Il y a un peu plus d’un an, alors en plein crise des Gilets jaunes, Emmanuel Macron enjoignait les entreprises à attribuer une prime de 1000€ à leurs salariés. Si cette demande avait été en partie écoutée l’année dernière, ce fut bien moins le cas cette année. En regard de cette mesquinerie à l’égard des travailleurs, il peut être ironique de mettre en avant la volonté de Carlos Ghosn de récupérer sa retraite chapeau après avoir s’être soustrait à la justice japonaise – une action aux prud’hommes est envisagée. Tout ceci met bien en évidence le degré de déconnexion des élites tant économiques que politiques par rapport au quotidien des Français.

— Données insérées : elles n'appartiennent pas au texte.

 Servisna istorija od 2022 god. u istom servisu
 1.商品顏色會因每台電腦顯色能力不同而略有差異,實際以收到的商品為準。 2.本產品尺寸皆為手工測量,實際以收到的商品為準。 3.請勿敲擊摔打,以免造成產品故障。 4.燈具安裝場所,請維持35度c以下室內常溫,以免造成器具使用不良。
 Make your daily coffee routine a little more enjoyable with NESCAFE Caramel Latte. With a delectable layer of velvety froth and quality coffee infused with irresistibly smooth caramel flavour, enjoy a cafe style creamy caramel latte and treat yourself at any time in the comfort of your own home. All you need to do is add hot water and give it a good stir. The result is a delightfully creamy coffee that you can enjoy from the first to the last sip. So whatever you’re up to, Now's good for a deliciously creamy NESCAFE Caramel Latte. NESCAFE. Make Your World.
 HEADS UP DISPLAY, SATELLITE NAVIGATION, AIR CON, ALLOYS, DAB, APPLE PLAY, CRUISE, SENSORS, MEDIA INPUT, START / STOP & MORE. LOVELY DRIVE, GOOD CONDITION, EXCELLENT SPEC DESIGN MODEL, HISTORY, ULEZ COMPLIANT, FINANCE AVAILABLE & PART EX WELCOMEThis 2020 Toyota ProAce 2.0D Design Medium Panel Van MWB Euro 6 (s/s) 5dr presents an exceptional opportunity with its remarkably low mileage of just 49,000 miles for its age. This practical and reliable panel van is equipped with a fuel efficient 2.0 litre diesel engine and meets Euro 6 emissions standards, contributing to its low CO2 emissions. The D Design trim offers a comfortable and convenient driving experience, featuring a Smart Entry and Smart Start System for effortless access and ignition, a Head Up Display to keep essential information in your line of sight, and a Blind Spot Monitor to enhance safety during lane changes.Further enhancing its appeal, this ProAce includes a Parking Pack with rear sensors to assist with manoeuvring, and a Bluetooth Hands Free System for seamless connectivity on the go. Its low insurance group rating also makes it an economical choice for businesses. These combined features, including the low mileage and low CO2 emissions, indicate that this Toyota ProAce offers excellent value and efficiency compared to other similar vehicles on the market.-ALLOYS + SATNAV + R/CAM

Il serait toutefois inexact de se cantonner à la seule élite économique (à savoir ces grands PDG gavés de stock-options et autres parachutes dorés) tant la dynamique s’est accentuée ces dernières décennies. Alors qu’il n’y a pas si longtemps les managers et autres encadrants étaient principalement récompensés par des primes pour leurs bons résultats, bon nombre d’entre eux parmi les entreprises cotées en bourse le sont désormais avec ces fameux stock-options qui, pour résumer très grossièrement, offrent la possibilité à ces managers – le désormais célèbre top management – d’acquérir des actions de leur entreprise à un prix défini à l’avance, de sorte que si le cours de l’action monte les plus-values sont à la fois immédiates et conséquentes.